::: MATERIAL FOR THE TASK :::
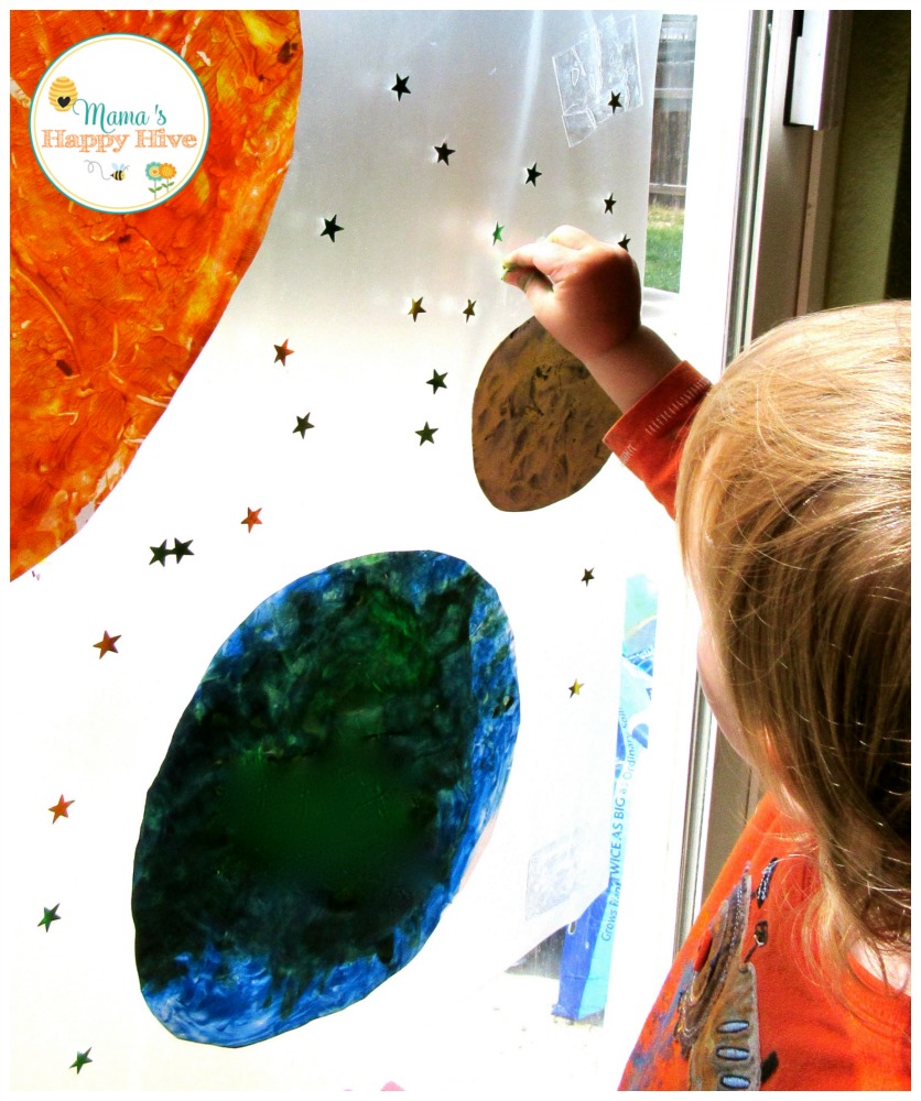 I taped sticky contact paper on the sliding glass door and Little Bee helped to place the cut out sun, earth, and moon onto the sticky surface. Then he had fun filling in the open spaces with star stickers.
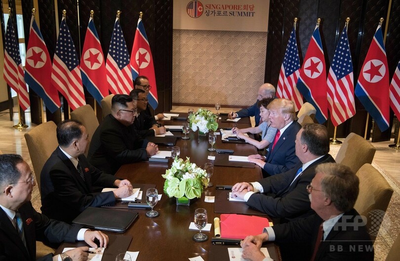 【6月12日 AFP】ドナルド・トランプ(Donald Trump)米大統領と北朝鮮の金正恩(キム・ジョンウン、Kim Jong-Un)朝鮮労働党委員長による史上初の米朝首脳会談は12日午前、通訳を交えただけの一対一の会談が終了し、側近を交えた拡大会合が始まった。(c)AFP
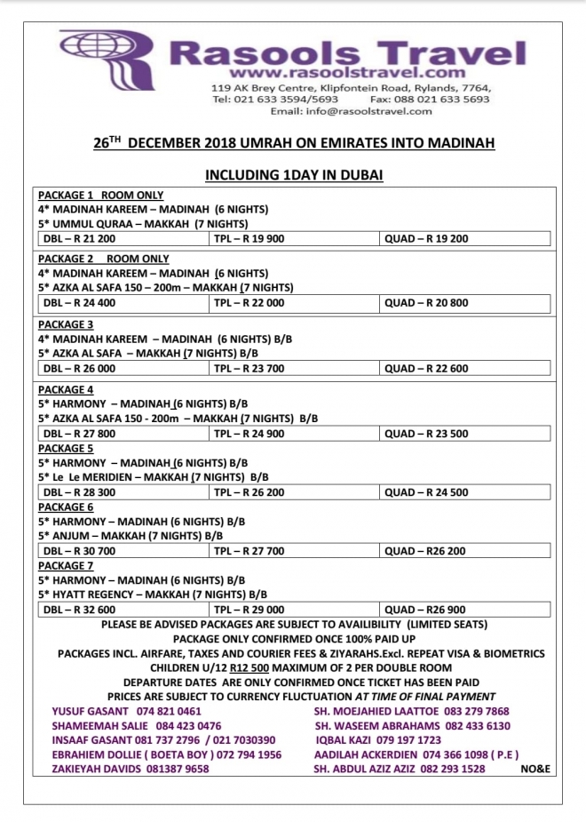 Disclaimer: Kindly check and confirm details with operators before booking. Package Information has been uploaded onto our website as received, and may have changed. Hotel Information has been sourced from websites like Google Maps, Wikimapia and Hotels.com. If any of the information is incorrect, kindly let us know via email: info@hajjumrahinfo.co.za - Shukran
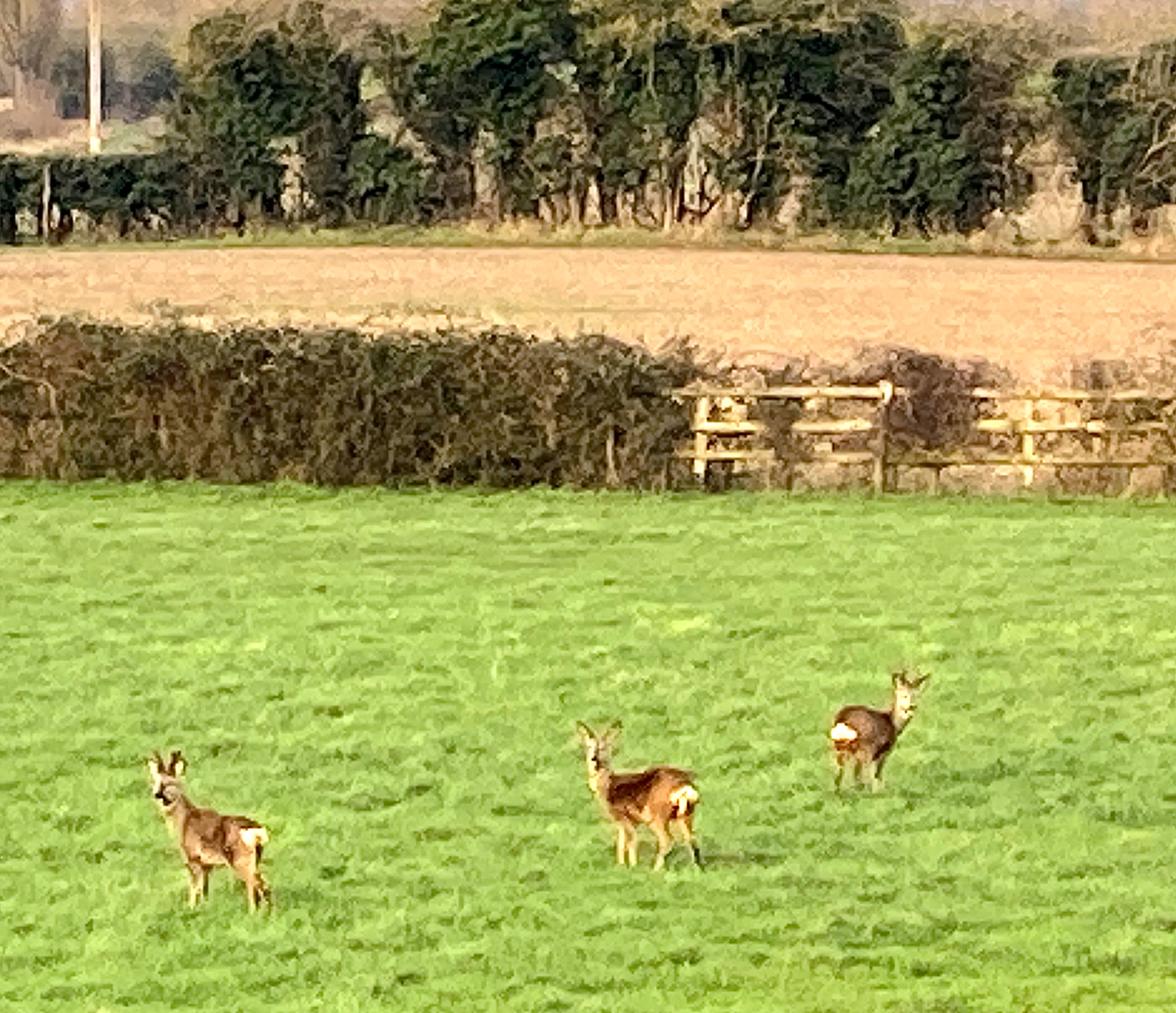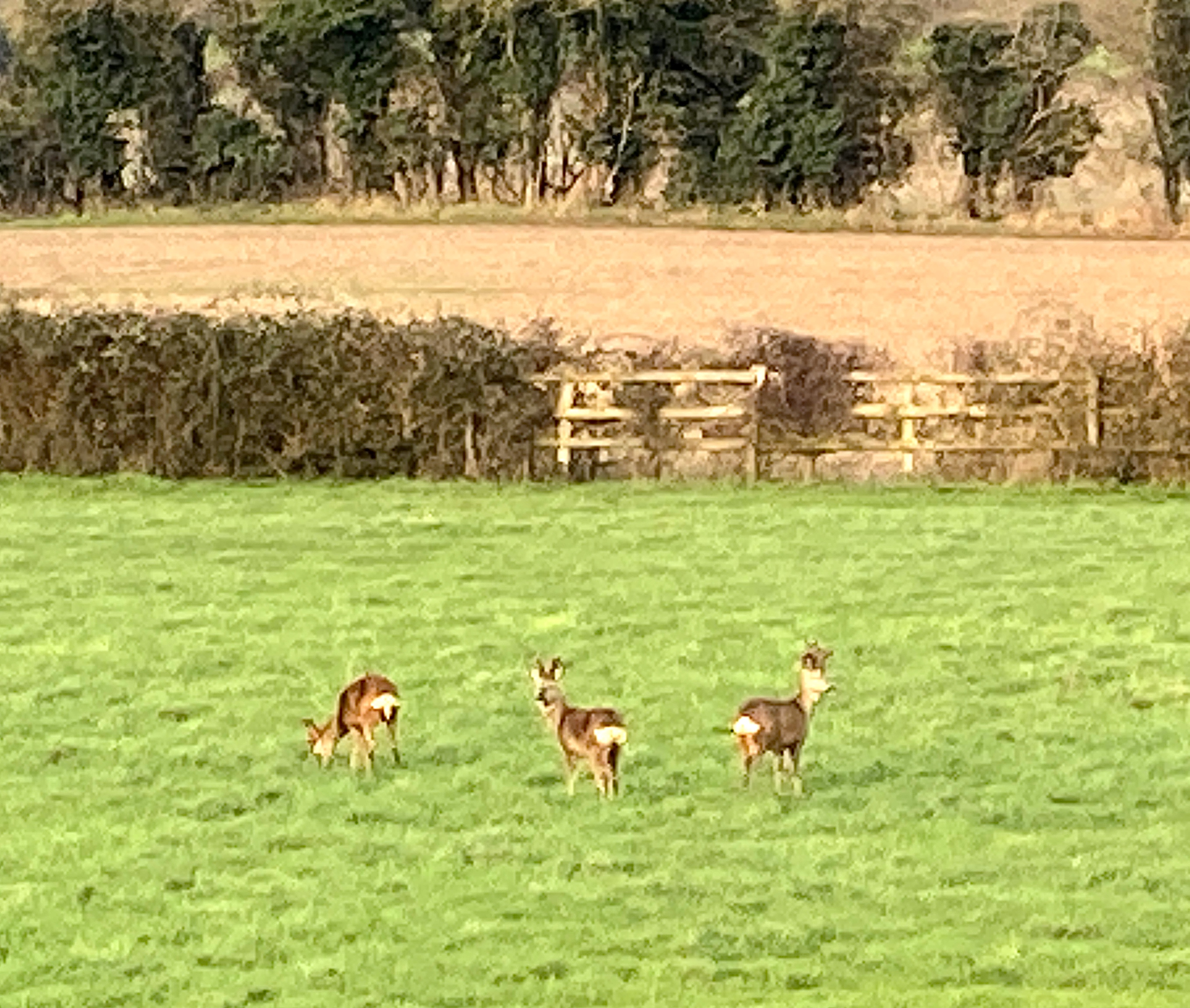 A special treat - three roe deer paying a visit to the neighbouring field
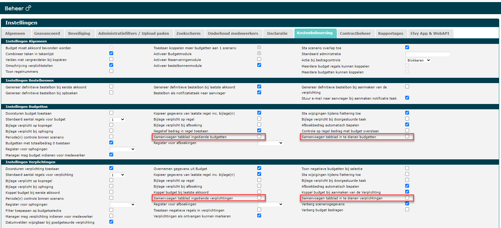 De configuratie kan alleen gedaan worden door een gebruiker die zowel beheerder is in ElvyWeb als modulebeheerder Kostenbeheersing & Verplichtingen.
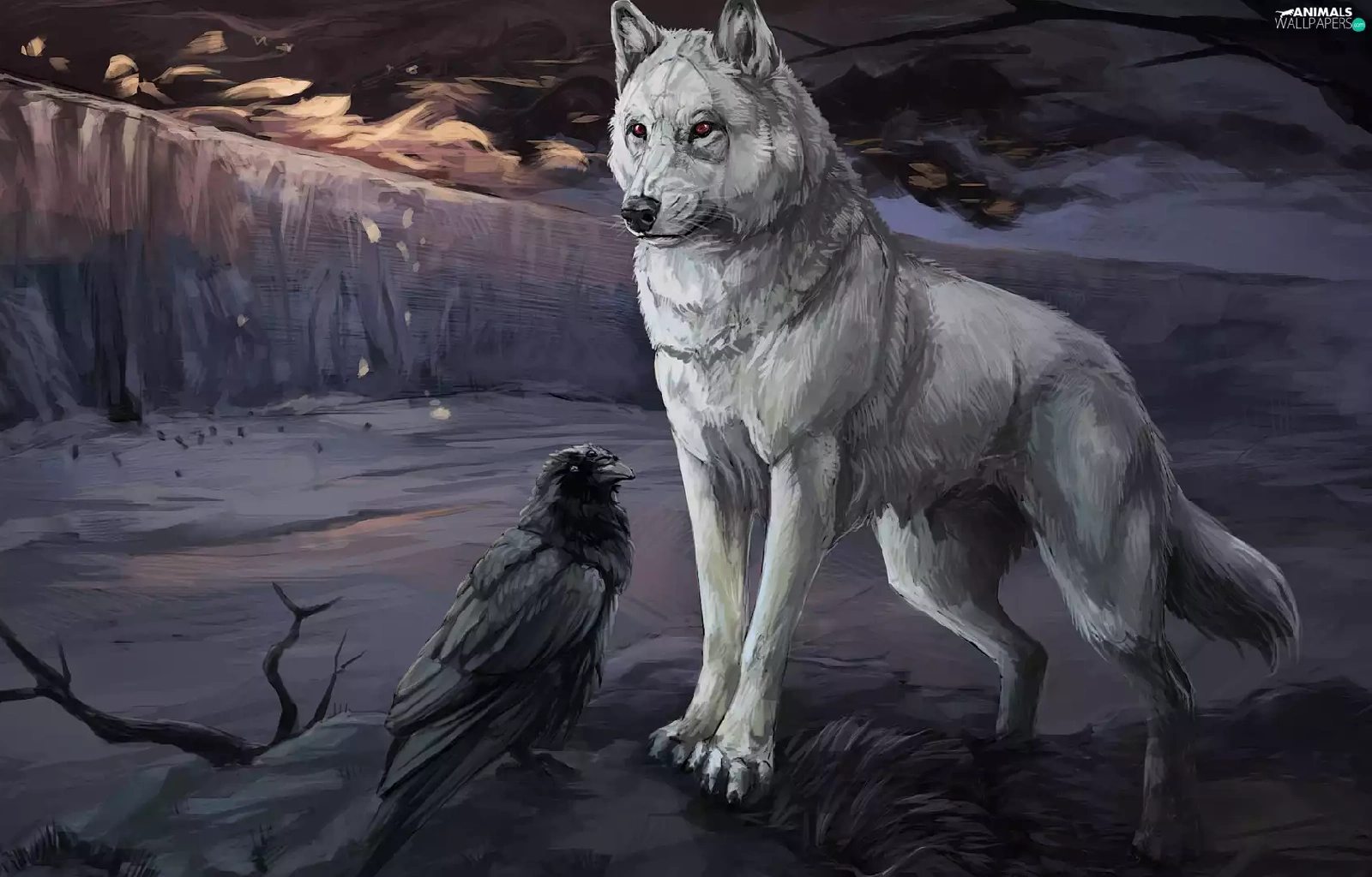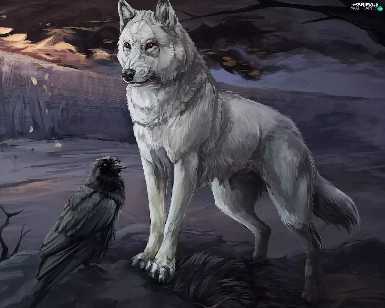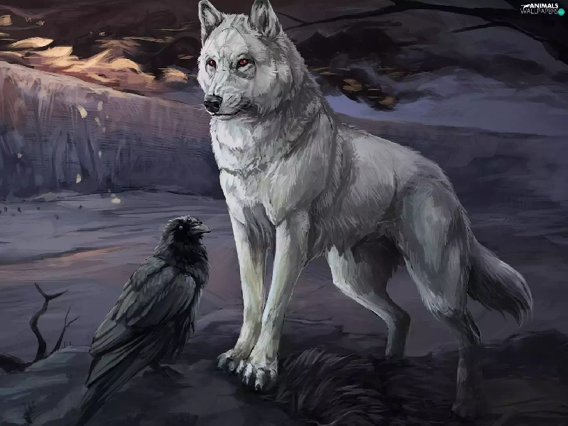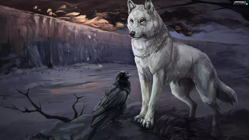 graphics, Crow, twilight, Wolf
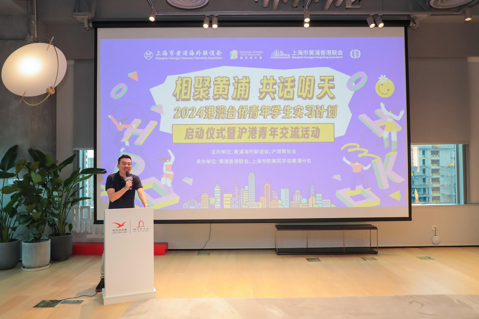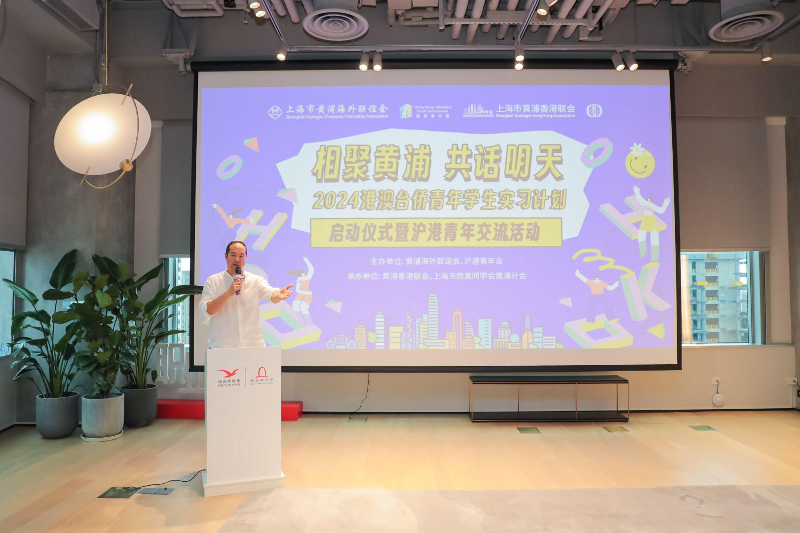 随后,沪港青年会主席杨永铿详细介绍了实习团的情况。他强调,今年已经是沪港同心实习计划的第15年,也是历来报名同学和企业最多的一年。“希望大家能够把握好这次的机会,通过亲身的体验和学习,更加深入了解黄浦、了解上海,深刻认识到我们祖国的伟大。”
:::
**TASK TO CARRY OUT:**
An exact copy of the records above is needed, free of pictures.

**SOLUTION TO THIS EXERCISE:**
 I taped sticky contact paper on the sliding glass door and Little Bee helped to place the cut out sun, earth, and moon onto the sticky surface. Then he had fun filling in the open spaces with star stickers.
 【6月12日 AFP】ドナルド・トランプ(Donald Trump)米大統領と北朝鮮の金正恩(キム・ジョンウン、Kim Jong-Un)朝鮮労働党委員長による史上初の米朝首脳会談は12日午前、通訳を交えただけの一対一の会談が終了し、側近を交えた拡大会合が始まった。(c)AFP
 Disclaimer: Kindly check and confirm details with operators before booking. Package Information has been uploaded onto our website as received, and may have changed. Hotel Information has been sourced from websites like Google Maps, Wikimapia and Hotels.com. If any of the information is incorrect, kindly let us know via email: info@hajjumrahinfo.co.za - Shukran
 A special treat - three roe deer paying a visit to the neighbouring field
 De configuratie kan alleen gedaan worden door een gebruiker die zowel beheerder is in ElvyWeb als modulebeheerder Kostenbeheersing & Verplichtingen.
 graphics, Crow, twilight, Wolf
 随后,沪港青年会主席杨永铿详细介绍了实习团的情况。他强调,今年已经是沪港同心实习计划的第15年,也是历来报名同学和企业最多的一年。“希望大家能够把握好这次的机会,通过亲身的体验和学习,更加深入了解黄浦、了解上海,深刻认识到我们祖国的伟大。”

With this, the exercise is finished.